2) Add semolina flour to the base flour selected. A typical range is up to about 25% of the total flour (by weight), although one pizza operator I spoke with who makes a semolina-based NY style uses about 50%. A crust using semolina flour will sometimes start out being a bit crispier but as it sets it becomes chewier. Some people use cornmeal instead of semolina flour, but cornmeal imparts a distinctive flavor component that isn't nearly as noticeable as when using semolina flour and may not be desirable. Cornmeal may also produce some grittiness in the crust, which may also not be desired.
3) Slightly underbake the pizza, provided this can be done such that the top and bottom of the pizza are done at the same time. You might be able to compensate in part by using the broiler element in your oven to finish the top of the pizza before the crust dries out and becomes too crispy.
4) Reduce the hydration (the weight of water relative to the weight of flour) and/or reduce the amount of oil and/or sugar, both of which tend to impart softness and tenderness to the crumb when used at levels that exceed around 4-5%. Some NY style dough recipes are already light on the oil and sugar, so in such cases there is little that needs to be done. However, some NY style dough recipes call for a fair amount of oil and/or sugar. Reducing the amounts of those ingredients should contribute to chewiness. Some care is required in changing the levels of water, oil and sugar, especially in the case of the hydration, since you may end up with a tough crust rather than a chewy one.

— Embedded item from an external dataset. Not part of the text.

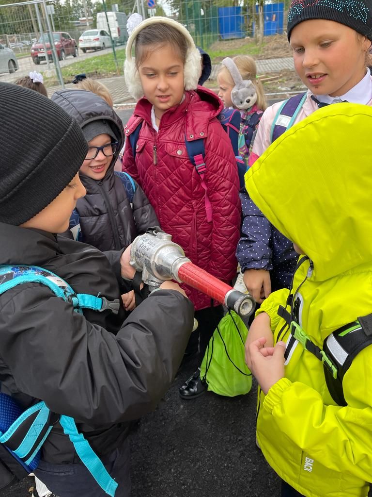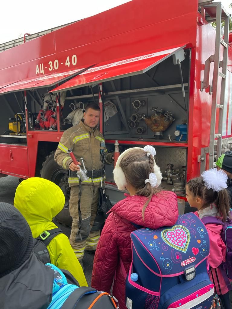 Учащимся показали пожарную машину, оборудование, которым укомплектована машина – аварийно-спасательный инструмент, средства индивидуальной защиты, ручные стволы пожарные рукава, краны и боевую одежду пожарного. Ребята примерили на себя каски, посидели в кабине пожарной машины, сфотографировались на память. Работники пожарной части вспомнили с ребятами правила, которые необходимо соблюдать, чтобы не допустить пожара. У учащихся прошел познавательный и интересный урок на открытом воздухе.

5) Allow a finished pizza to rest for a few minutes directly on a flat surface rather than on a rack. This forces steam back into the pizza crust and can increase the chewiness. However, there is an equal chance that you will also get a somewhat softer crust.
Another approach to achieving increased chewiness that is rarely mentioned but provides a nice degree of chewiness in my opinion is to use a preferment as the leavening agent for the dough. Doing this produces a sourdough type of crumb that has a high degree of stretchiness and elasticity at the same time. You can tug and pull the crust and see the strands of the crumb stretch but not break. They just spring back when you release the crust. These qualities inherently contribute to the chewiness of the crust. A nice side benefit of such a crust is that the chewiness remains in any leftover slices (if you have any). That is because a sourdough-based crust has better keeping qualities than most crusts made with commercial yeast with a dramatically lowered staling rate.
If you find a solution that works best for you, I hope that you will report back to us on your results since many of our members may also be looking for a chewier NY style crust.